Nearly 148 days after the Writer’s Guild of America (WGA) went on strike and effectively halted Hollywood as we know it, the writers’ unions and the Alliance of Motion Picture and Television Producers (AMPTP) have reached a tentative collective bargaining agreement that the Guild will bring to an official vote by union membership this week.[1] The nearly five-month strike beginning in May 2023, marked the first Hollywood shutdown in nearly two decades–which saw 11,500 motion picture, day-time television, and streaming writers out of work while the Guild and studios were engaged in fervent negotiations.

The Union raised a number of demands throughout negotiations: including increased minimum pay and royalty payments for cable and streaming production, strengthening of protections for writers, but most importantly, and controversially, express “guarantees that artificial intelligence would not encroach on writers’ credits, compensation,” and employability.[2] While the union and AMPTP trading alliances were able to reach an agreement on the majority of the Guild’s demands, the final point of contention centered on the use of generative artificial intelligence (GAI).[3] Alongside various ethical issues of GAI, the central anxiety surrounding the expansive form of technology is the unanswered copyright and intellectual property implications for ownership and liability that may create issues for writers and studios alike.[4]

Generative Artificial Intelligence uses available sets of data that contain examples of the entities that will be used as a beginning point for the generation of new data that is outputted.[5] The sets of data act as training sets in which information can be extracted, however the data that is contained in these sets may be protected by copyright—such as screenplays, poems, articles, and other forms of literary works.[6] One key feature of GAI processing that lies at the crux of its potentially troublesome legal implications is that it learns directly from the whole work as it exists in its expressive forms (which are protected by copyright law), not through the study of small features or underlying ideas (which are not protected by copyright law). Specifically, in the realm of script production and screenwriting, the use of GAI creates as least two issues in the realm of copyright law and its protections: (1) the use of protected works, which must be stored in memory until the end of the training process (if not longer, in order to reproduce the experiment); and (2) the ownership of intellectual property rights in the resulting, generated works.[7]

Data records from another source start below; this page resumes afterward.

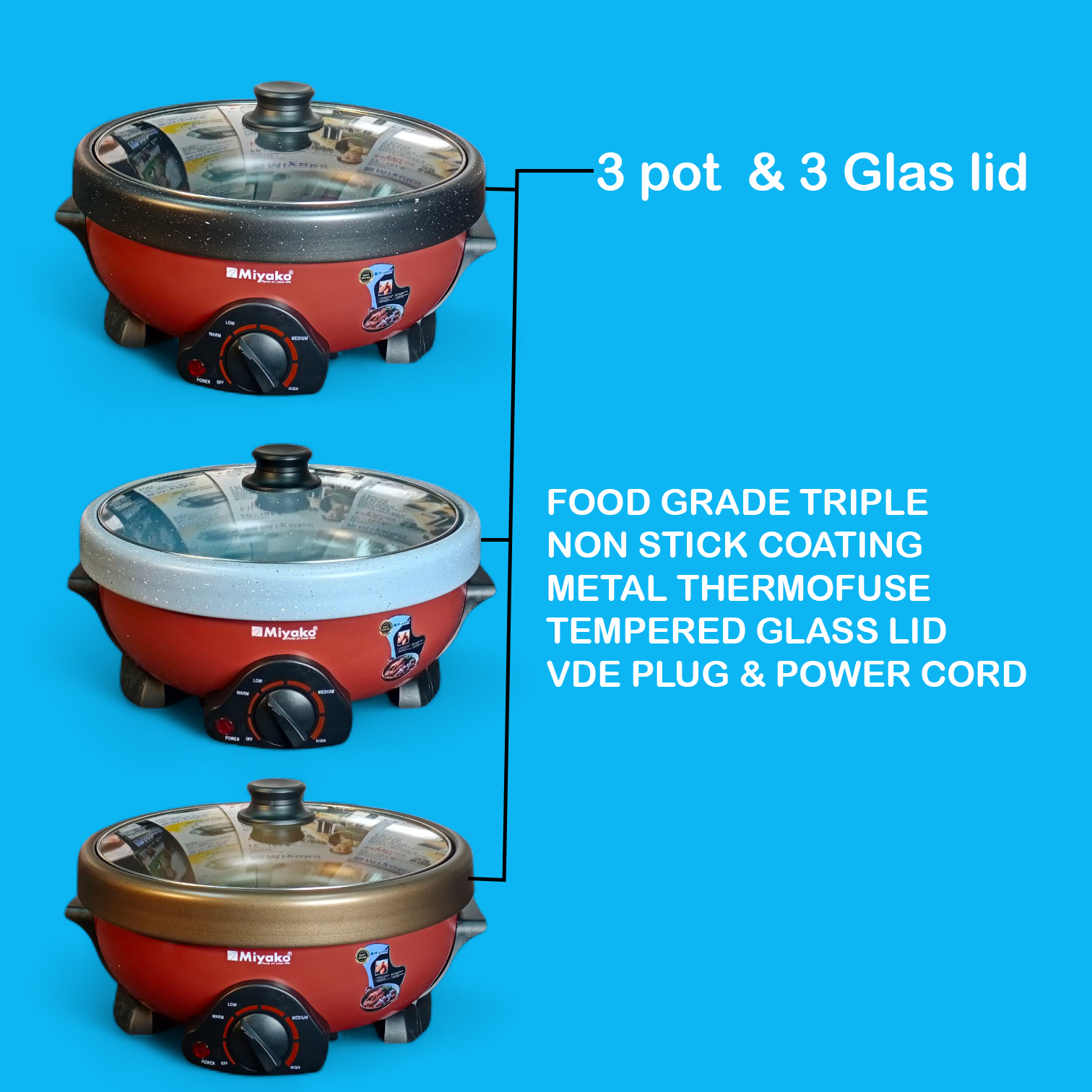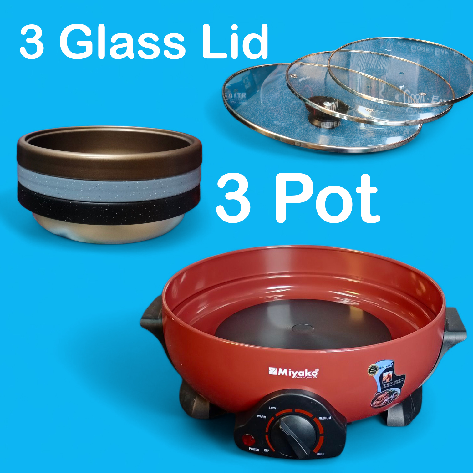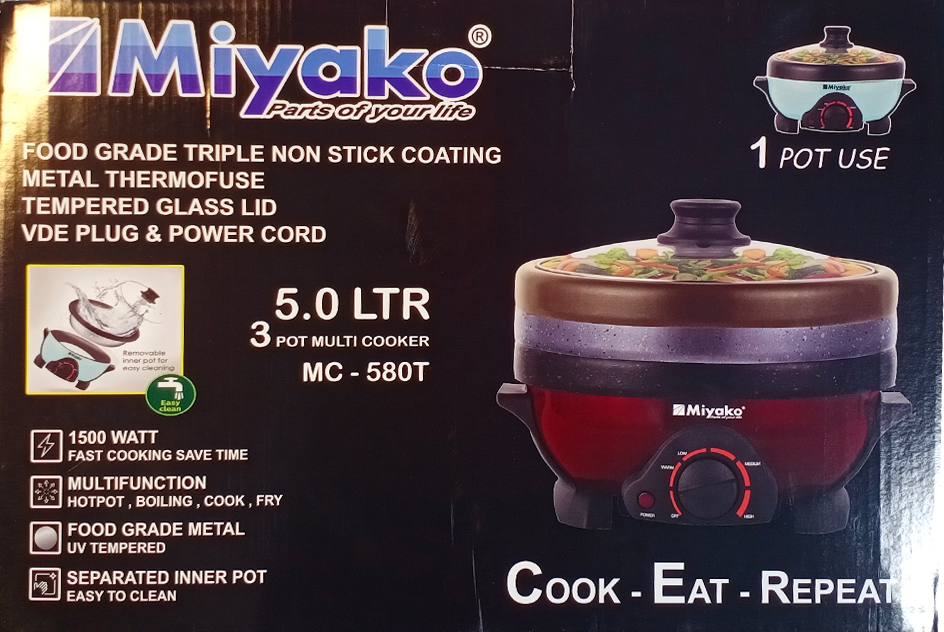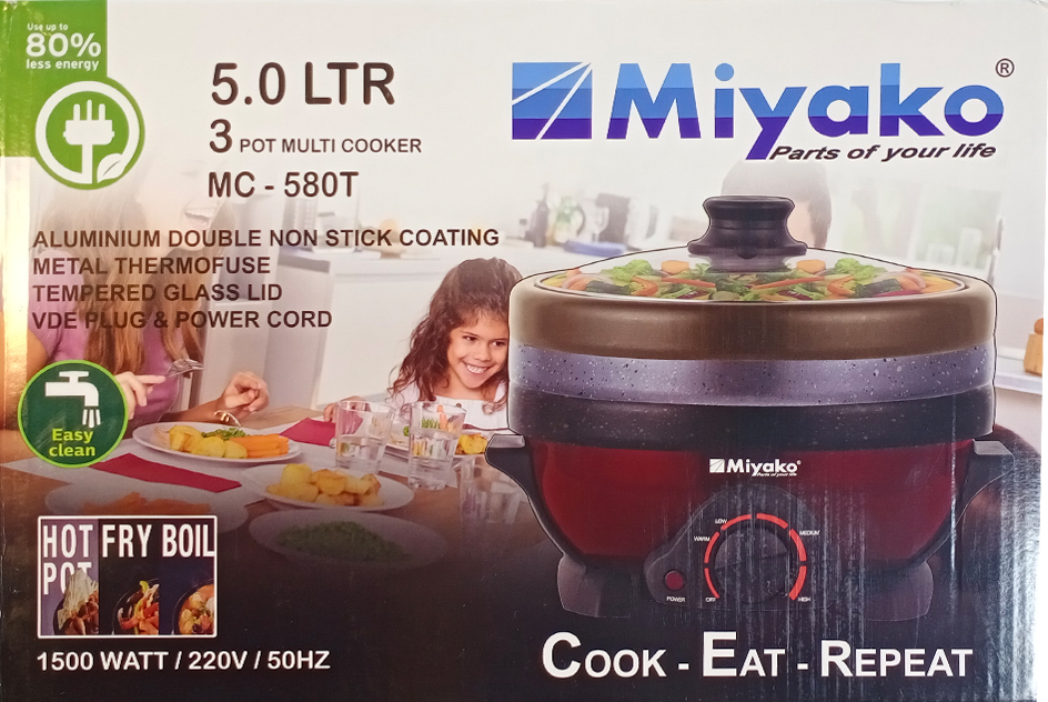 The Miyako MC-580T 3 Pot Multi Cooker is a powerful and versatile kitchen appliance designed to make everyday cooking faster and easier. With a large 5.0-liter capacity and 1500W high power, this multi cooker ensures quick heating and efficient cooking for families.
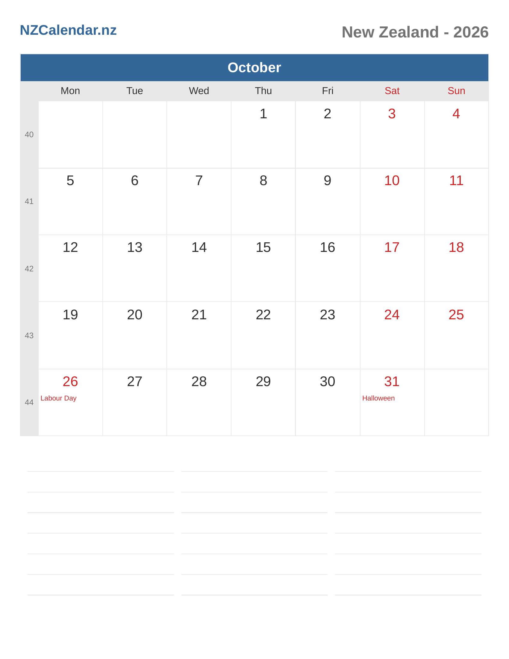 New Zealand Calendar 2026 - October
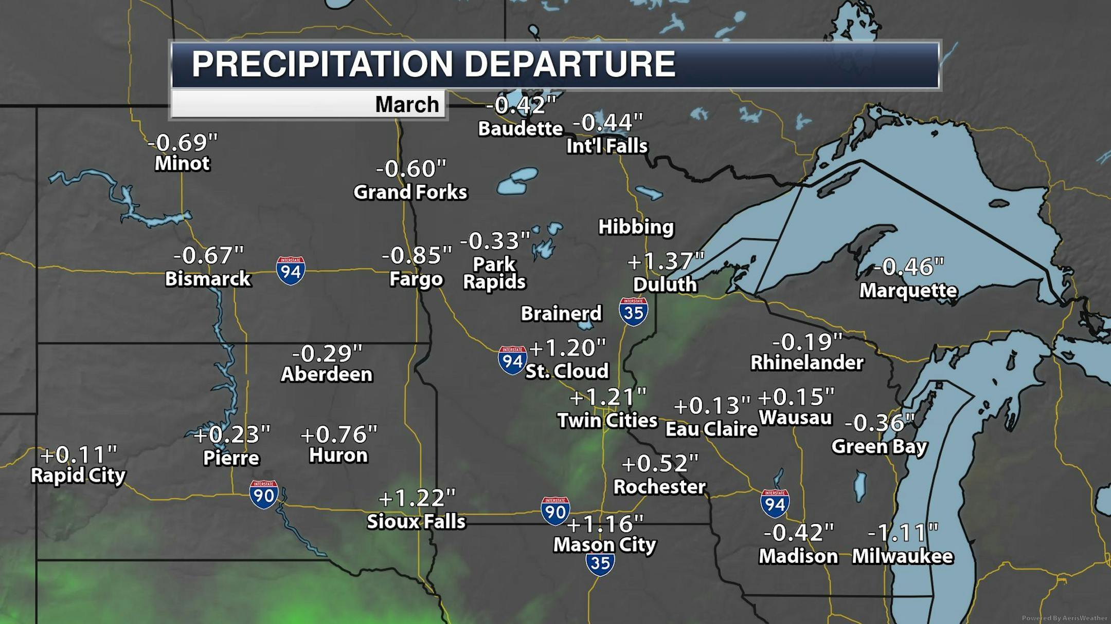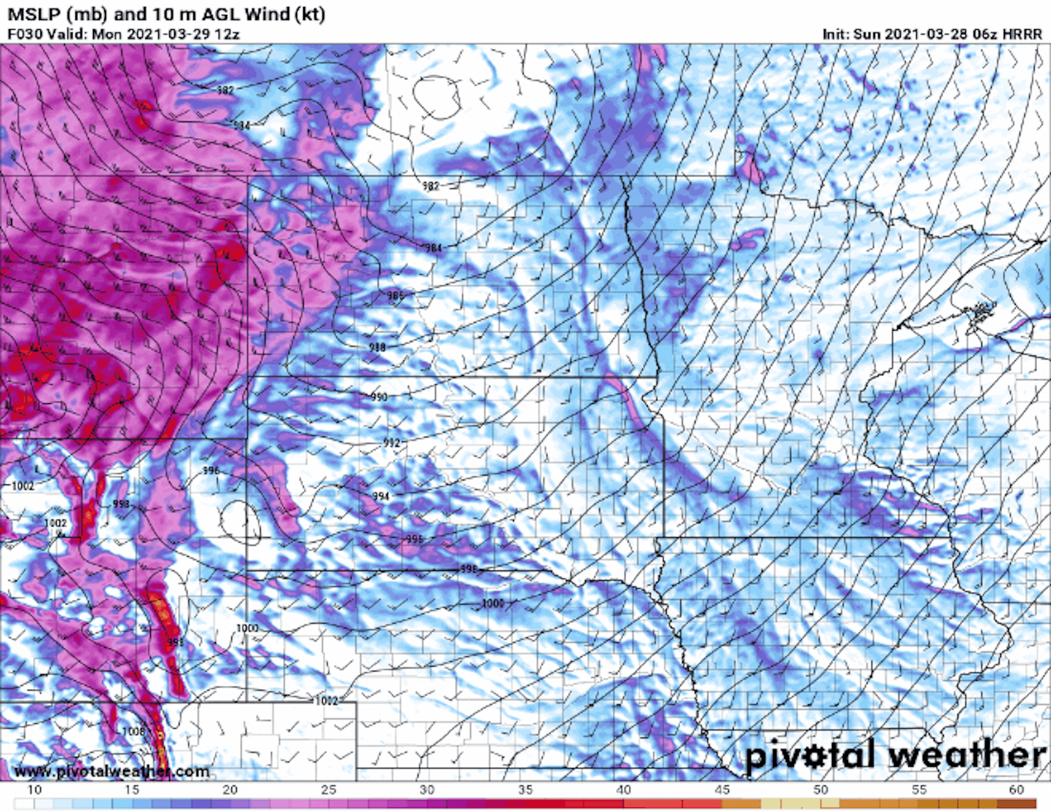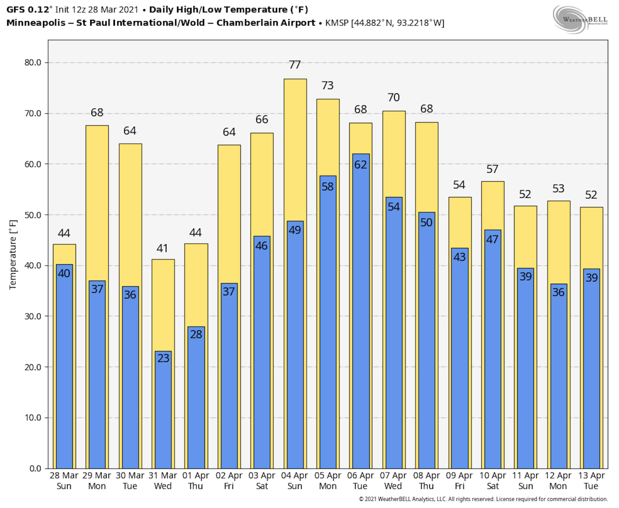 High temps will be VERY warm for late March, but it will come at a price. Strong winds are expected to blow through the region much of the day with peak wind gusts approaching 40mph, including the Twin Cities.
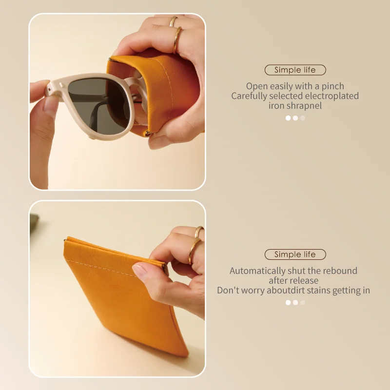 Luxury Leather Sunglass Case Custom Sunglasses Case Automatic closure of shrapnel opening Packaging Organizer Pouch
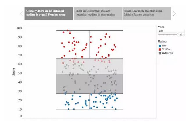 我们通过由Freedom House(一个独立的监测机构)整理的数据来探讨一下每一种分类。这些数据将每个国家按照“自由”,“部分自由”以及“不自由”进行排名。使用这个简单的数据组,我们可以讲出七个不同的故事。角度则取决于你想通过这些数据表现什么以及你将如何展现这些数据。
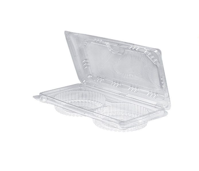 Hinged 2 donut rectangle clear container
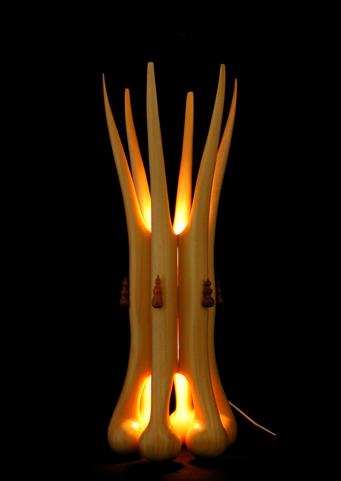 Table lamp, samba, rosewood, yew wood. 40 x 40 x 107 cm

While the Copyright Office has attempted to provide guidelines around registering works with AI-assisted elements, and legislation is (hopefully) being created to provide statutory guidance, the Writer’s Guild has fought for express protections for its members and their works in the interim. The Writer’s Guild proposed tentative collective bargaining agreement (MBA), includes the proposal for a new addition, Article 72, that specifically deals with potential issues with Generative Artificial Intelligence that may affect the livelihood of writers.[8] The proposed Article sets out four explicit protections for writers related to generative artificial intelligence. The protections include an express agreement by the parties that AI will not be considered to be human, a writer, or a human writer—which resolves potential copyright issues in light of the human authorship requirement for copyright eligibility.[9] The following clauses establish a notice requirement for studios’ intended use of GAI in the script-writing process, deny studios the right to disqualify a writer from copyright and compensation rights for using GAI-produced material, and allow studios to disallow writers from using GAI if its use may affect the potential copyrightability of a work.[10] Perhaps most notably, the tentative agreement recognizes that the implementation of GAI into the motion picture production process may potentially introduce “issues of ethics, privacy, security, copyrightability or other protection of intellectual property rights.”[11] In acknowledging the peripheral legal issues, the Guild now retains the right to regularly meet with the AMPTP trade alliance to discuss, review, and amend the agreement between the parties to accurately reflect the rapidly changing legal landscape around artificial intelligence.

As Congress, and even the Copyright Office itself, are slow-moving to produce comprehensive, statutory guidance on the use of and impact on existing copyright laws with the rapid integration of artificial intelligence into the creative world, the Writers Guild’s eagerness to address the issues of generative content creations and the potential implications on its union members will undoubtedly shape the near future of television, film, and streaming. The Guild’s actions further strengthen a national call to action to the federal government to swiftly to introduce comprehensive legislation surrounding Artificial Intelligence. Such legislation will undoubtedly affect a number of areas of law—from data and privacy, to labor and employment, to intellectual property and particularly copyright, and a result, the livelihoods of countless creatives.


[1] John Koblin & Brooks Barnes, What’s the Latest on the Writers’ Strike?, N.Y. Times (Sept. 27, 2023), [] [].

[2] Id.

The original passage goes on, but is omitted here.